Exercise aim: Only the lines from the one that includes "只見網友分享的兩張照片,長髮" through the last line below belong in the reply, copied exactly and without pictures.

Given information:
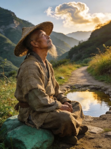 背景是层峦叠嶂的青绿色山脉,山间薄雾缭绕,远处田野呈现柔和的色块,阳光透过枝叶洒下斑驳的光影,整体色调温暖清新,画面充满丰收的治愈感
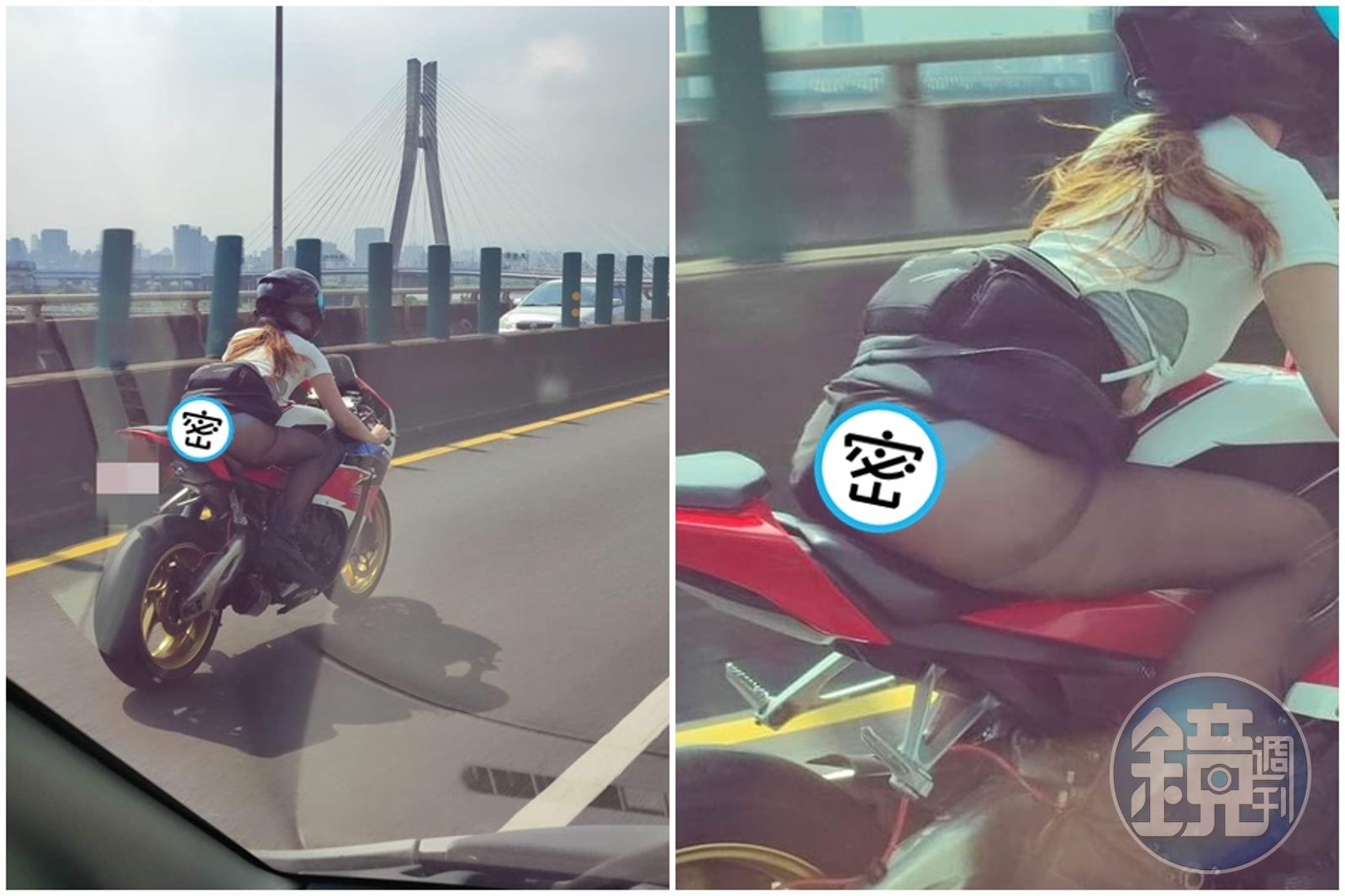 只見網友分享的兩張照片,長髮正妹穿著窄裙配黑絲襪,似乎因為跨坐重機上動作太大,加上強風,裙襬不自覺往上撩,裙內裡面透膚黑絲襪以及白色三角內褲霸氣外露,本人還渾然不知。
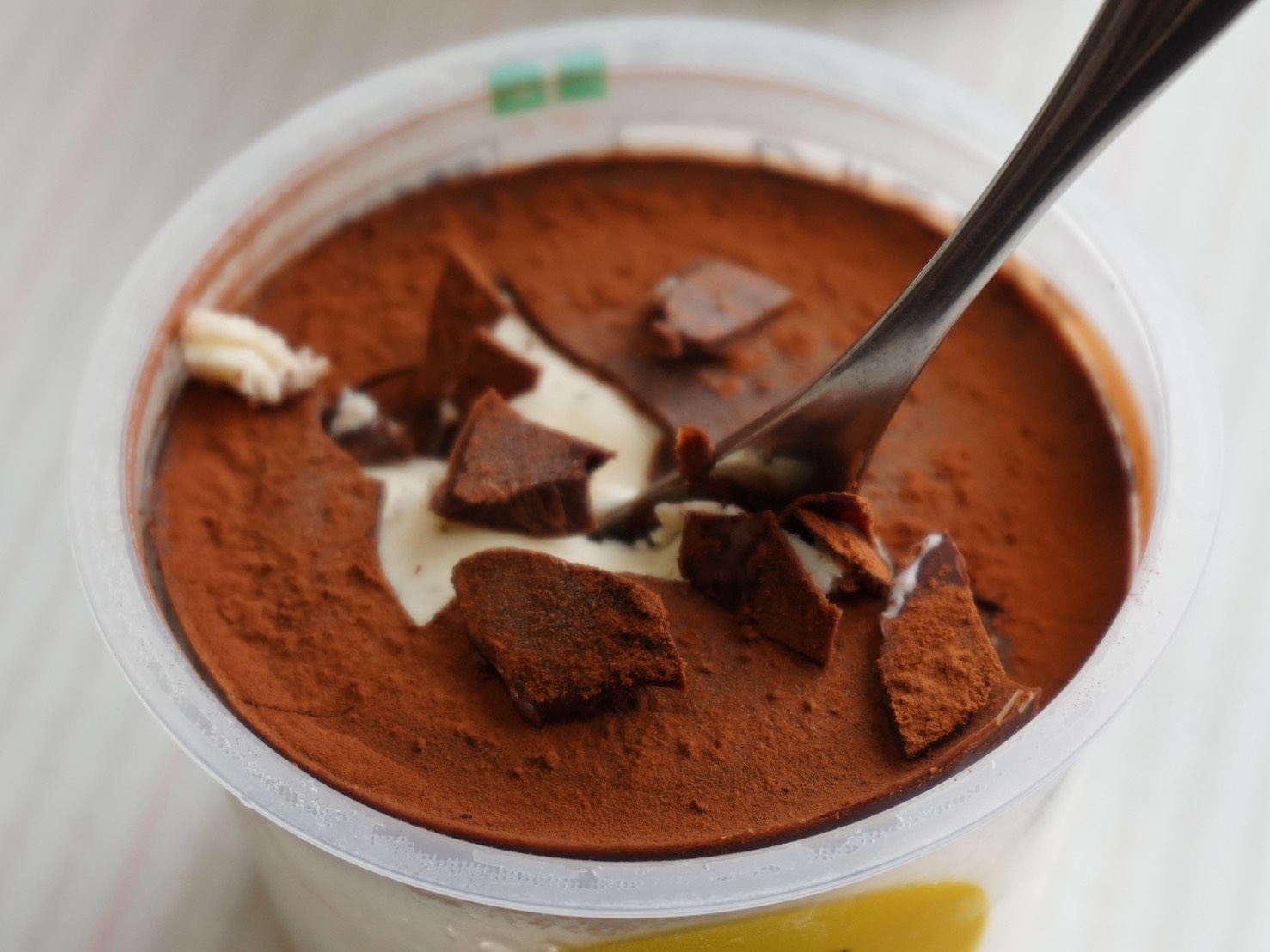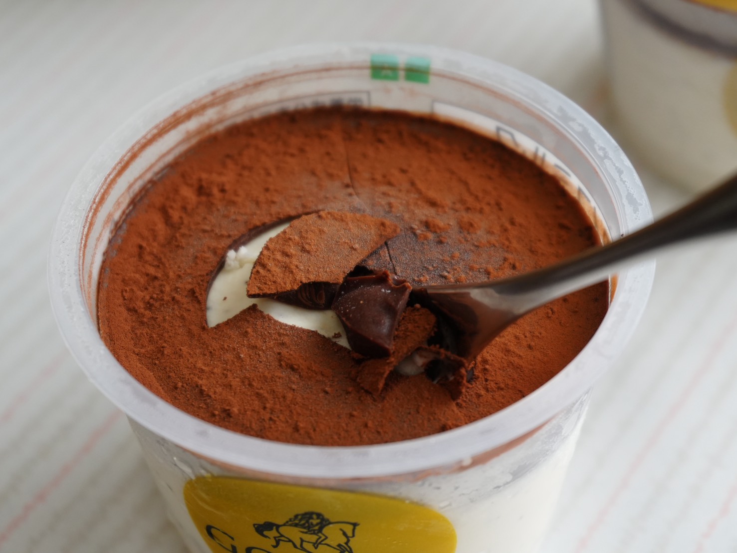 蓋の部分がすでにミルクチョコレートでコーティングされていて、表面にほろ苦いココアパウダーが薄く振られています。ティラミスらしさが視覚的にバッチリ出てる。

Worked solution:
 只見網友分享的兩張照片,長髮正妹穿著窄裙配黑絲襪,似乎因為跨坐重機上動作太大,加上強風,裙襬不自覺往上撩,裙內裡面透膚黑絲襪以及白色三角內褲霸氣外露,本人還渾然不知。
 蓋の部分がすでにミルクチョコレートでコーティングされていて、表面にほろ苦いココアパウダーが薄く振られています。ティラミスらしさが視覚的にバッチリ出てる。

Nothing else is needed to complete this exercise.